In the copy you make, keep each entry exactly as it is and leave out all images.

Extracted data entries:
◆ ◆ ◆
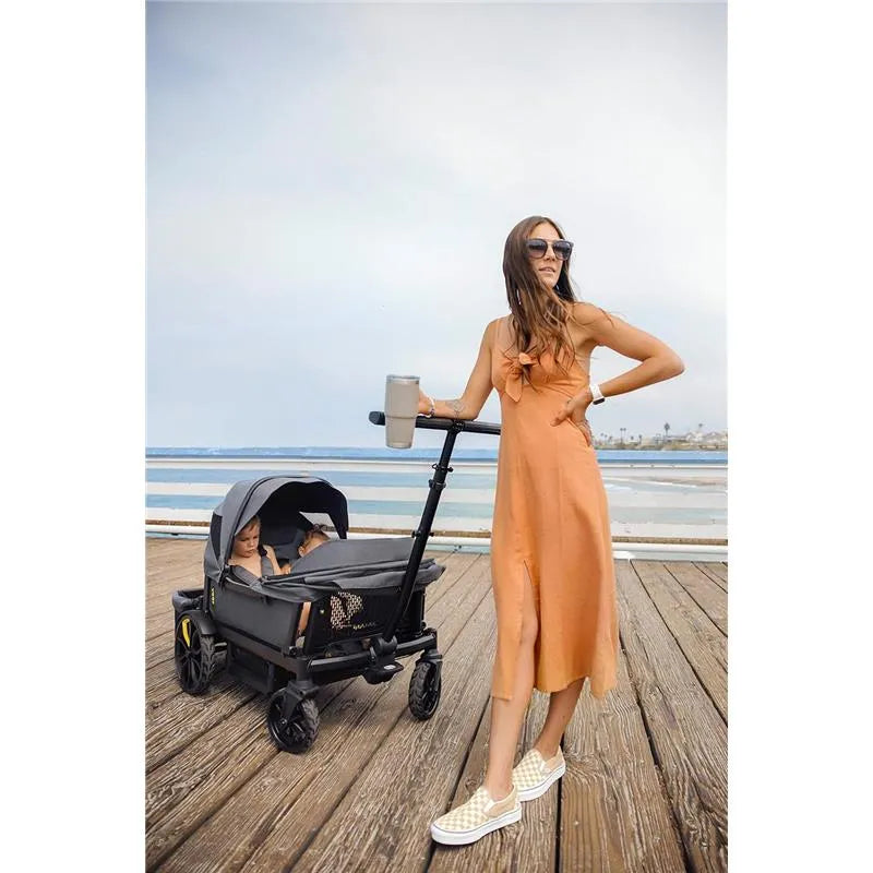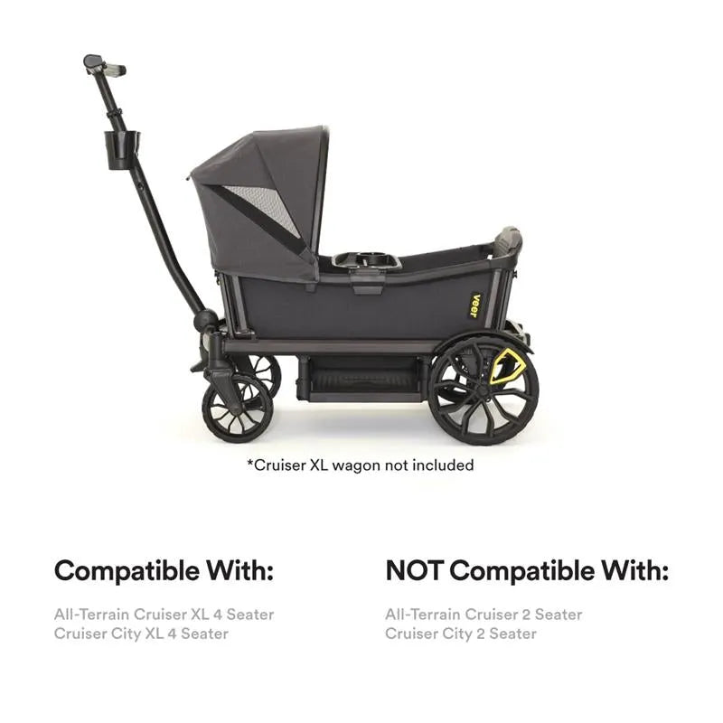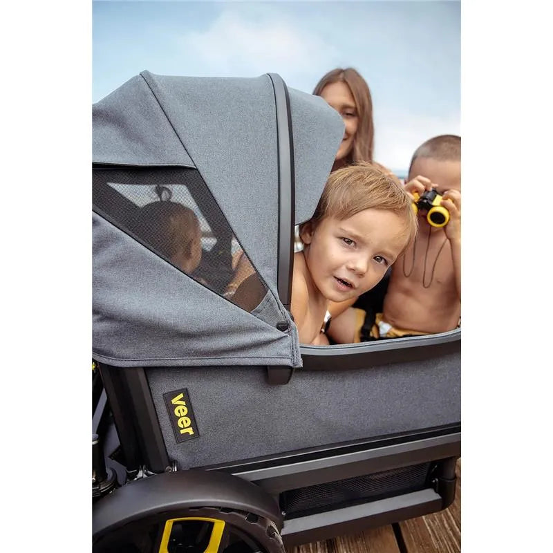 Veer's Retractable Canopies quickly and intuitively clip onto Cruiser XL's frame and easily extend up and down. One or two can be attached, above either seat. A peak-a-boo window allows you to see your precious cargo and discreet, hidden magnets hold the window in the up position. Canopy XL works perfectly with Nap System XL to create the perfect rest stop for young ones.
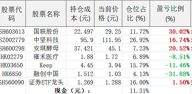 当前仓位分布表
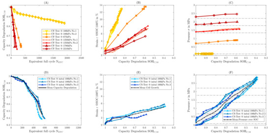 In the following, the aging measurements are presented in relation to the mechanical preload conditions. In order to distinguish the type of test, the constant force measurements are abbreviated as CF tests and the constant stiffness measurements are abbreviated as CS tests. The evaluations are also shown separately. In Figure 5 the results of the constant force tests and from D to F the results of the constant stiffness measurement are shown in Figure 5A–C. Figure 5A,D shows capacitance degradation over the equivalent full cycle. Figure 5B,E shows irreversible cell growth using strain over capacitance degradation and Figure 5C,F shows pressure evolution over capacitance degradation.
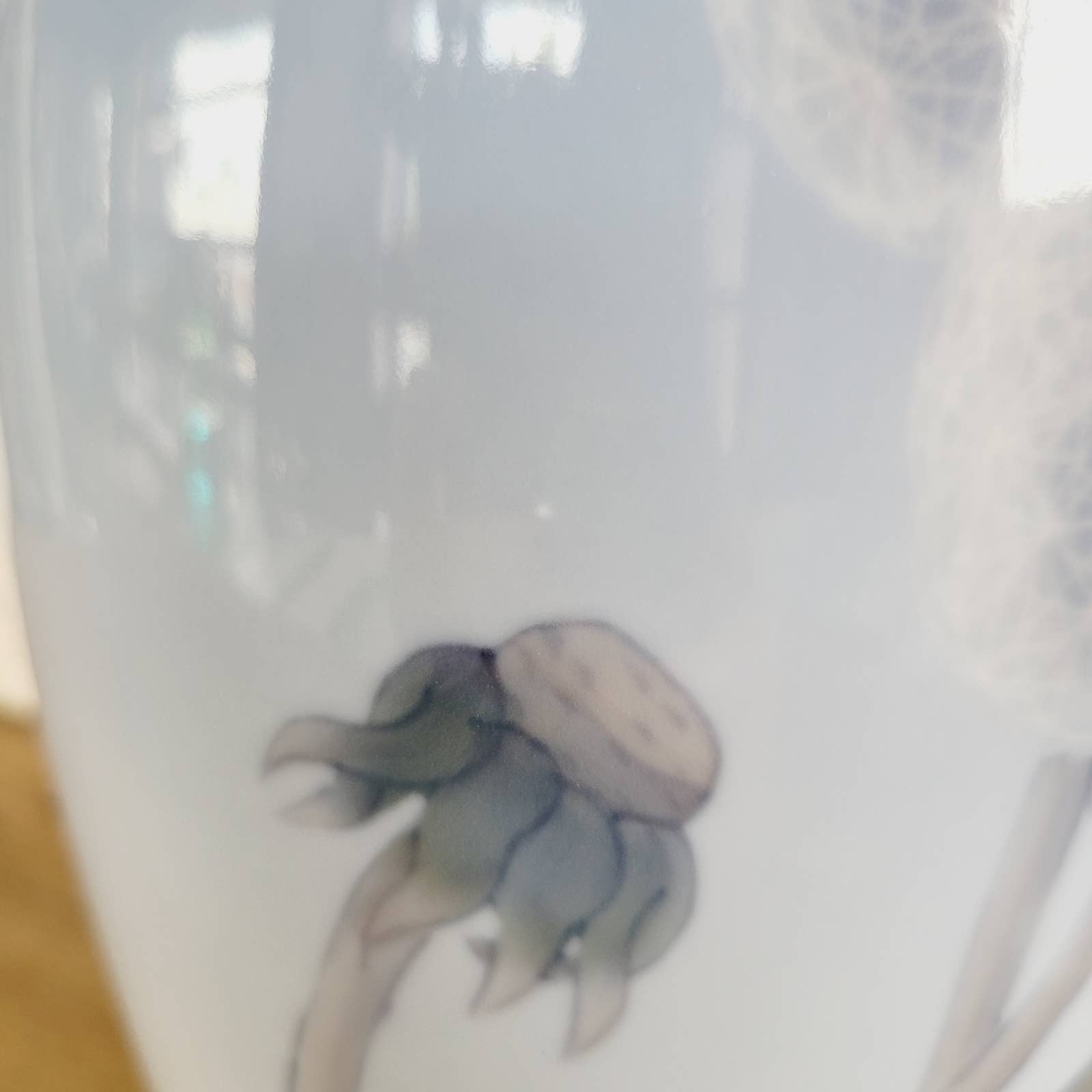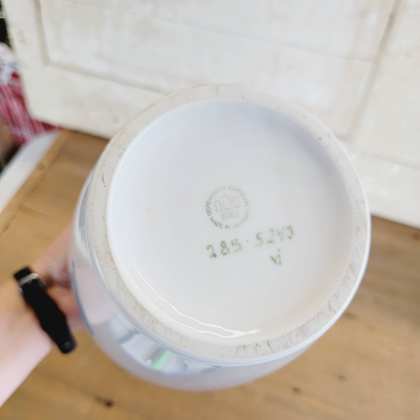 9 3/4" tall. Excellent condition. No chips, cracks, or repairs. Has one tiny white unglazed spot as shown in pic. Marked on base 285 5243
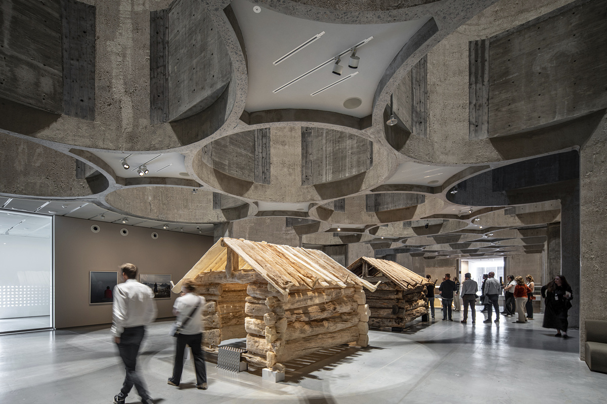 Desde los murales hasta la cabaña de madera expuesta, los proyectores Parscan acentúan los objetos en exposición.
◆ ◆ ◆
* **Output for this exercise**
 Veer's Retractable Canopies quickly and intuitively clip onto Cruiser XL's frame and easily extend up and down. One or two can be attached, above either seat. A peak-a-boo window allows you to see your precious cargo and discreet, hidden magnets hold the window in the up position. Canopy XL works perfectly with Nap System XL to create the perfect rest stop for young ones.
 当前仓位分布表
 In the following, the aging measurements are presented in relation to the mechanical preload conditions. In order to distinguish the type of test, the constant force measurements are abbreviated as CF tests and the constant stiffness measurements are abbreviated as CS tests. The evaluations are also shown separately. In Figure 5 the results of the constant force tests and from D to F the results of the constant stiffness measurement are shown in Figure 5A–C. Figure 5A,D shows capacitance degradation over the equivalent full cycle. Figure 5B,E shows irreversible cell growth using strain over capacitance degradation and Figure 5C,F shows pressure evolution over capacitance degradation.
 9 3/4" tall. Excellent condition. No chips, cracks, or repairs. Has one tiny white unglazed spot as shown in pic. Marked on base 285 5243
 Desde los murales hasta la cabaña de madera expuesta, los proyectores Parscan acentúan los objetos en exposición.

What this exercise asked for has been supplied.